I propose to rewrite this logic as:

if N in correction_factor:
    factor = correction_factor[N]  # Per default, N = 1
else:
   raise ValueError("Correction factor needs to be one of the

following: %s, but you entered %s" %(list(correction_factor.keys()), N))

With the necessary line breaks, etc.

On Tue, May 19, 2015 at 8:37 AM, Samuel St-Jean notifications@github.com
wrote:

In dipy/denoise/noise_estimate.py
#651 (comment):

  • Precomputed factor from Koay 2006, this corrects the bias of magnitude image

  • correction_factor = {1: 0.42920367320510366,
  •                     4: 0.4834941393603609,
    
  •                     6: 0.4891759468548269,
    
  •                     8: 0.49195420135894175,
    
  •                    12: 0.4946862482541263,
    
  •                    16: 0.4960339908122364,
    
  •                    20: 0.4968365823718557,
    
  •                    24: 0.49736907650825657,
    
  •                    32: 0.49803177052530145,
    
  •                    64: 0.49901964176235936}
    
  • if N in correction_factor:
  •    factor = correction_factor[N]
    
  • else:
  •    factor = correction_factor[1]
    

No I am indeed forcing a value.

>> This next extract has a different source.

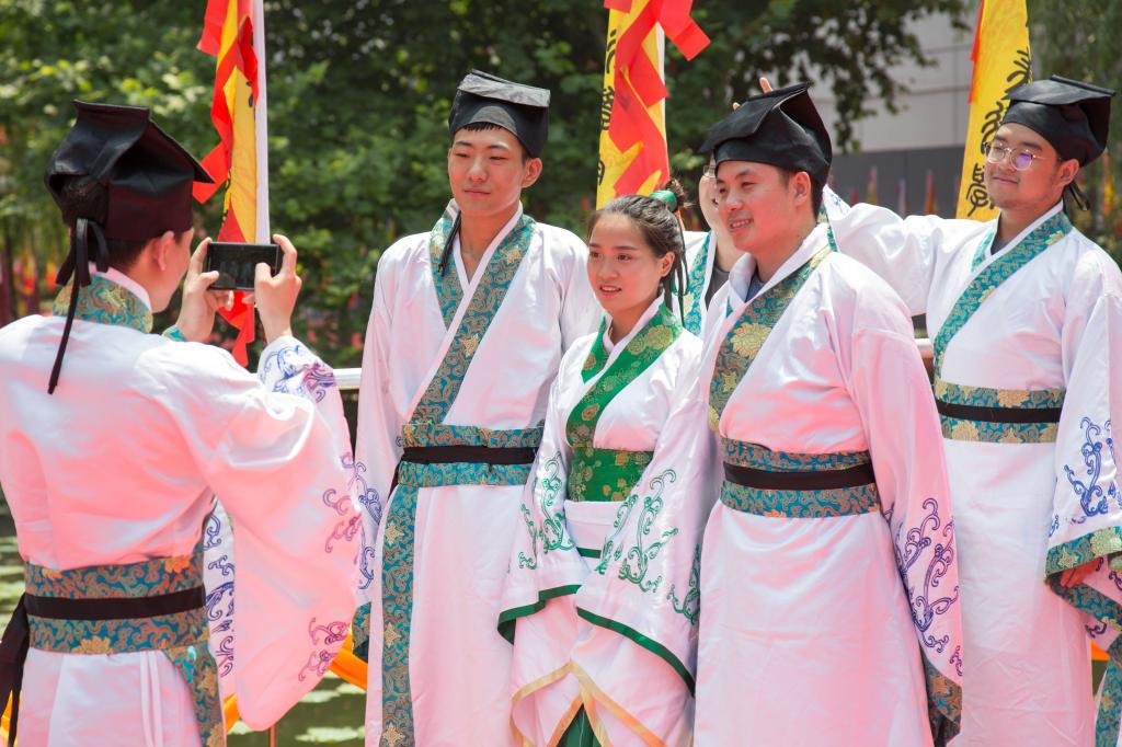 仪式结束后,身着汉服的毕业生徜徉在古香古色校园里与同窗亲朋合影留念。环境艺术学院毕业生周帅说,着汉服、行汉礼、参加自己的汉式毕业典礼,我们期待已久。庄重的仪式让我们深切感受“毕业”一词的重量,虽对前路感到彷徨,但是我们将带着母校祝福,走出属于自己的辉煌人生,他日成为河美骄傲。

I just precomputed a bunch of mostly
plausible values. What I'm not sure of though is what to do if the user
does not input any value for N. All the old code won't be working anymore,
but I could raise an error if the number is not in the list, 1 for no
input, and the value as requested if it's in the list.


Reply to this email directly or view it on GitHub
https://github.com/nipy/dipy/pull/651/files#r30612485.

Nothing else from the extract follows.